Modeling turn-taking rhythms with oscillators.
Modeling the durations of conversational pauses has recently attracted some attention (cf. the excellent overview in Heldner, Edlund 2010). M. Wilson and T. P. Wilson (2006) have modeled conversational turn-taking based on coupled oscillators, and Benus tested this model against a database of conversational American English (Benus 2009; Benus, Gravano, Hirschberg 2011). Benus's results provided some support for the model, but the support was weak due to small (although significant) correlations, and a lack of predicted phase patterns.
As M. Wilson and T. P. Wilson (2006) pointed out, it is important to gather data on a variety of languages in addition to English. In this paper, we apply Benus's analysis to the Finnish Dialogue Corpus (Lennes, Anttila 2002; Lennes 2009) and also consider integrating the Wilson & Wilson model into our own speech timing model, which has hitherto lacked an explicit mechanism for dealing with pausing behavior.
2. Wilson & Wilson model
2.1. Motivation for oscillators
There are several facts about turn-taking behavior in spoken dialogue which M. Wilson and T. P. Wilson (2006) explain using an oscillator model. According to M. Wilson and T. P. Wilson (2006), turn transitions with virtually no gap [< 200 ms] are a common occurrence in ordinary conversation. This is testified to in the Finnish corpus as well: slightly more than a third of the transitional pauses were less than 200 ms in duration (cf. Table 1). According to M. Wilson and T. P. Wilson (2006) and many others, conversational speech also tends to avoid simultaneous starts. (1)
The reason for this is fairly obvious given that conversation has a real, dialogic function. Simultaneous starts after pause (defined as both speakers initiating speech in less than 200 ms of each other) are relatively rare in our Finnish corpus as well: Approximately 6% of pauses ended in simultaneous starts (cf. Table 2).
A fact that is not so obvious is that (according to Wilson, Wilson 2006) pauses tend to be multiples of some unit length of time, which ranged from 80 to 180 msec with an average of 120 msec. (Wilson, Wilson 2006, based on data in Wilson, Zimmerman 1986). (2) This raises the possibility that turn cycle might be related to some other oscillatory cycle in speech, and M. Wilson and T. P. Wilson (2006) suggest possible candidates such as syllable duration, jaw cycles or even the theta rhythm.
2.2. Synchronization and turn cycle
The idea behind synchronization in dialogue is that each participant monitors the speech of the other and tries to keep in synchrony. Arguably such behavior is either a by-product or a prerequisite of speech perception in general.
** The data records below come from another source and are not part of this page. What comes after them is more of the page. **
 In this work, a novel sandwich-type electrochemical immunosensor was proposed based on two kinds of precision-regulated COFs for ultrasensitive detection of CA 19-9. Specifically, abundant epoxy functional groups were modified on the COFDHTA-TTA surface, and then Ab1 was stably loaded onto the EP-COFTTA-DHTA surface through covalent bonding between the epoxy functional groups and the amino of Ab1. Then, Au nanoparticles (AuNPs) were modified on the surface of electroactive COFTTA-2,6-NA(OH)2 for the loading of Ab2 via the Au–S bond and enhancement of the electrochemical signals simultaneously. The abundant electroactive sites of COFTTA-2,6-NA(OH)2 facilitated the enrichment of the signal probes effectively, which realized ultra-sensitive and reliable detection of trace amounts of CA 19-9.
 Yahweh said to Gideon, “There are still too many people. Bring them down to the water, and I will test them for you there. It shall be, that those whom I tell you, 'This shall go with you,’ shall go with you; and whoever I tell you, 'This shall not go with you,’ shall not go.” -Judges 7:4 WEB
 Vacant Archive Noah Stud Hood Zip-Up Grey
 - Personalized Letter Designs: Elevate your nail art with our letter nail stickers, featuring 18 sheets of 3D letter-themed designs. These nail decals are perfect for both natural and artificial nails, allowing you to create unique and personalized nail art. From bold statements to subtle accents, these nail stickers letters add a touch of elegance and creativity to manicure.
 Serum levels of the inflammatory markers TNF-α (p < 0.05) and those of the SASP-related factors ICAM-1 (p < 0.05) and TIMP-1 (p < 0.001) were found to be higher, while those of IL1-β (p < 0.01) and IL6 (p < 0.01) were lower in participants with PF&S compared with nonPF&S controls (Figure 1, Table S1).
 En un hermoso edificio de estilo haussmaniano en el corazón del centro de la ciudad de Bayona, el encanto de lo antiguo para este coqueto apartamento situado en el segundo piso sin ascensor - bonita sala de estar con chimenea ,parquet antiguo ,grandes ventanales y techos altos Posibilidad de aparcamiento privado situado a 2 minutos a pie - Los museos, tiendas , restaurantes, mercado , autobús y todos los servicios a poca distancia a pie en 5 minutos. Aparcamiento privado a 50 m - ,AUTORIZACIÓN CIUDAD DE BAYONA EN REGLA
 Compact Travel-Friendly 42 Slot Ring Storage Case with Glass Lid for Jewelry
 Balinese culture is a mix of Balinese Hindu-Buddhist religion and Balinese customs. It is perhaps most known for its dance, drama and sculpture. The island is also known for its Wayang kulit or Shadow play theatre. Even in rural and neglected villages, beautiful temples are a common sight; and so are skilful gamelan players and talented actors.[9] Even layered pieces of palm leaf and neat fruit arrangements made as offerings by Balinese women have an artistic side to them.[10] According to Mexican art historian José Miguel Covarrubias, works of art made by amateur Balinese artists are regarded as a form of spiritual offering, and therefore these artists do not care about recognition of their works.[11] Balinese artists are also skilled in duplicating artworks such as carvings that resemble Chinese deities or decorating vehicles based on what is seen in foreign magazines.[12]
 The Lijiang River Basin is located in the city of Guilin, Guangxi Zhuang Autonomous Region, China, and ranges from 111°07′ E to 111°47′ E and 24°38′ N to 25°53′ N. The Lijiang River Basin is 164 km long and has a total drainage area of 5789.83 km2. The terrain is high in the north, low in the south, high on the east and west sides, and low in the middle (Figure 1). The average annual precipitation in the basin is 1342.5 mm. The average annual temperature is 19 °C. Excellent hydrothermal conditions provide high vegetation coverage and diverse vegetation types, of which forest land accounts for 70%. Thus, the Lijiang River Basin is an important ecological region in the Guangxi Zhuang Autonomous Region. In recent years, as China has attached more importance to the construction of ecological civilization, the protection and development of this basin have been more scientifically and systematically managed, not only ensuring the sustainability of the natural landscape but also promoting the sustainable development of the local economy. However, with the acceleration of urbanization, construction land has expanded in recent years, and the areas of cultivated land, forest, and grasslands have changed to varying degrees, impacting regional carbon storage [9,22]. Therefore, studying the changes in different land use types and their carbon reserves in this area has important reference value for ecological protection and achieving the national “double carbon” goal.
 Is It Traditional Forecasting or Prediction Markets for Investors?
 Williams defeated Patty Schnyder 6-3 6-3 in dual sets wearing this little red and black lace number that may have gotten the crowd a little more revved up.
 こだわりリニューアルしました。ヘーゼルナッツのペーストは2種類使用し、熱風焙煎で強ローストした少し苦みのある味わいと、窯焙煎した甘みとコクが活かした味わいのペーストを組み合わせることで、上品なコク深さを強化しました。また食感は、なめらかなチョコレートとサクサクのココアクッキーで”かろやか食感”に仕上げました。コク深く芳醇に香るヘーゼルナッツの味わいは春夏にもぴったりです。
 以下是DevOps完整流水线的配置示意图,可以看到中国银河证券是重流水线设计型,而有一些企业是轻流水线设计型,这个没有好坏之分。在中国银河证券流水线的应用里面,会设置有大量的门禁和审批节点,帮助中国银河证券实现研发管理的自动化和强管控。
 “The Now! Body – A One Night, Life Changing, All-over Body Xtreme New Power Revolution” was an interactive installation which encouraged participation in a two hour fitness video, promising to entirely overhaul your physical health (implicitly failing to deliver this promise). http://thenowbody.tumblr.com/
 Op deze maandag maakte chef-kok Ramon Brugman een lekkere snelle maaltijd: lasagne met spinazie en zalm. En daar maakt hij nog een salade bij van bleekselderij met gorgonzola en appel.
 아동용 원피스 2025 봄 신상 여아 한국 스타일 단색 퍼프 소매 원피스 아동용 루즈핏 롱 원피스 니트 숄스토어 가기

During silence, the ability of the speakers to synchronize is considerably weakened. M. Wilson and T. P. Wilson (2006) conjecture that the speakers maintain a turn cycle which is also synchronized during speech (possibly related to e.g. syllable rhythm) and then continued during pauses. Such behavior is hypothesized to minimize the offset between their conversational turns. Thus, when the current speaker reaches the end of his turn, the current listener may step in with a minimum overlap or gap (when no pause is intended). The participants' oscillators have the same period (when synchronized) but the listener's cycle is counterphased to that of the speaker (Wilson, Wilson 2006, cf. Fig. 1). Because of this counterphasing, the probability of simultaneous starts will be relatively low (Wilson, Wilson 2006).
Note that counterphased describes the situation from the individual participant's point of view: each one oscillates between phases "my turn to start" and "your turn to start" and these phases are opposed. From a system point of view, however, the two oscillators are actually in phase: each one oscillates between phases "1st speaker's turn to start" and "2nd speaker's turn to start" and these phases are in agreement.
[FIGURE 1 OMITTED]
2.3. Empirical testing
Benus attempted to test the empirical consequences of the Wilson & Wilson model (Benus 2009; Benus, Gravano, Hirschberg 2011). If a putative turn cycle is a continuation of some rhythm accessible during speech, the question natually arises as to which of the many possible rhythms is the relevant one. Benus considered two possibilities in his analysis of a database of conversational American English: syllable rhythm and pitch accent rhythm.
For empirical testing purposes Benus compared two measures derived from the database: latency, defined as difference between the end of the chunk [inter-pausal unit] and the beginning of the next chunk and rate, represented by average (syllable or accent) duration within each chunk (Benus 2009). These measures are illustrated in Fig. 2.
[FIGURE 2 OMITTED]
Benus also makes an overt terminological distinction between synchronization within speaker vs. between speakers: the first one he calls isochrony, the second one entrainment. In both cases, whether isochrony proper or entrainment, the following points hold: a) Rate should be correlated across pause, b) Latency should be correlated with previous rate and c) The latency distribution (normalized by previous rate) should be multimodal, with modes at interval steps.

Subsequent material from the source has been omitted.